あまり長い時間こっちに居ると向こうが心配するんだけど。」

侑はディーテの所まででかなりの時間を過ごしているから、向こうでは夜が明けてると思いブラフマーに聞いた。


「大丈夫ですよ。

侑を向こうに返す時は私の部屋に来た時間まで遡って送ってあげますから。」

ブラフマーはどれだけ長い時間居ても問題ないと侑を安心させた。


「なら良いんだけど。」

侑はDに明後日の朝迎えに来る事を伝え、ティーターンの回廊に繋いでもらった。


「では、ティーターンの所に行きましょう。」

ブラフマーは侑の手を繋ぐと歩きだした。


ティーターンの部屋の前には見知らぬ子供が立っていた。


「ティーターンは居るかしら?」

ブラフマーは子供に聞いた。


「いらっしゃいますが、中にはデニアス様が一緒に居られます。

どうされますか?」

「デニアスが一緒なら都合が良いわ。

中に侑とブラフマーが来た事を伝えてくれるかしら?」


「分かりました。

少しお待ち下さい。」

子供が中に入るとブラフマーは今の子供が新しいTだと侑に教えた。


「どうぞ、中にお入り下さい。」

Tが扉を開けて深くお辞儀をし、中に二人が入ったのを確認すると扉を閉めた。


「侑さん、久し振りです。」

ティーターンの立ち位置には大人っぽくなった侑の知っているTが立っている。

その後ろには見知らぬ青年が寄り添う様に立っている。


「久し振りだね。

ティーターンになったんだね。

世代が代わると元のティーターン様はどうなるの?」

侑はTがティーターンになって嬉しいと同時にあのティーターンが会えないまま居なくなった事が寂しかった。


「儂なら此処に居るが?」

ティーターンの後ろに立つ青年がその風貌に似合わない言葉で侑に話しかけた。


「はっ?」

侑は思わず声がうわずって変な声を出してしまった。


「ガハハ。

侑はやはり気付かなんだか。

楽しいのぅ、ブラフマーに口止めしておいたから良い表情が見れたわい。」

風貌は青年だが、口調は侑の知ってるティーターンそのものだった。


侑の横でブラフマーも珍しい表情が見れたとクスクス笑っている。

ティーターンだけはバツが悪そうに侑を見ていた。


「儂は神座を降りて、隠居の身になったのだ。

本来であれば、使徒として転生し人生を一からやり直すのが定番であるが儂にはやりたい事があるからの。
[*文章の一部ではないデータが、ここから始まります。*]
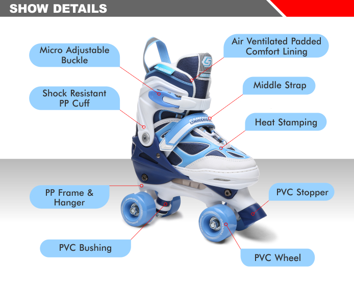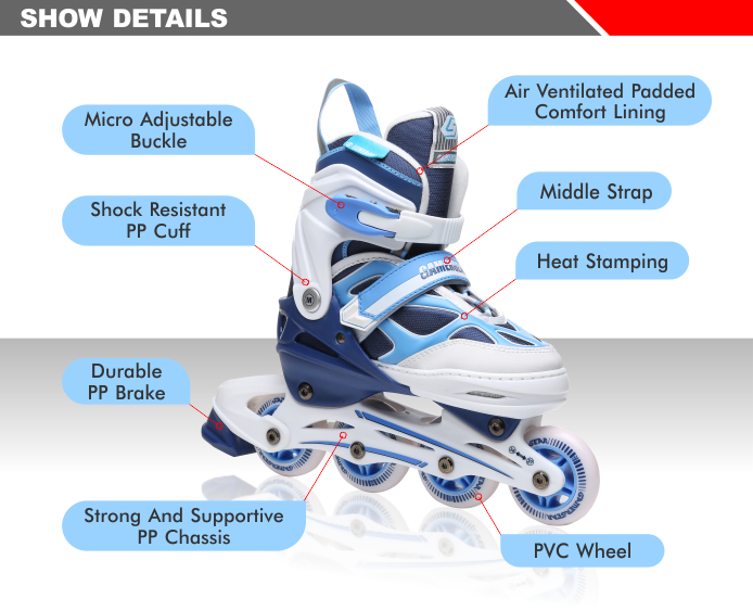 | WHEEL SIZE: | INLINE: 31-34: 64X24MM, 35-38:70X24MM, 39-42: 72X24MM QUAD: 54X32MM |

なので、肉体だけを少し若返らせてこやつの補佐をしておったのだ。

神座を降りた儂はデニアスと名乗っておる。」

デニアスは侑と会えたことが嬉しくて仕方なかった。


「今はデニアス様ですか…」

侑は若返ったティーターンの顔をマジマジと見た。


「いや、儂は神でも使徒でも無いからデニアスじゃ。

お主と同等じゃから、敬語はいらん。

して、お主に頼みがあるのじゃが。

前に創造してくれた刀なのじゃが、元は太刀と脇差しの二振りでセットと言っておったじゃろ?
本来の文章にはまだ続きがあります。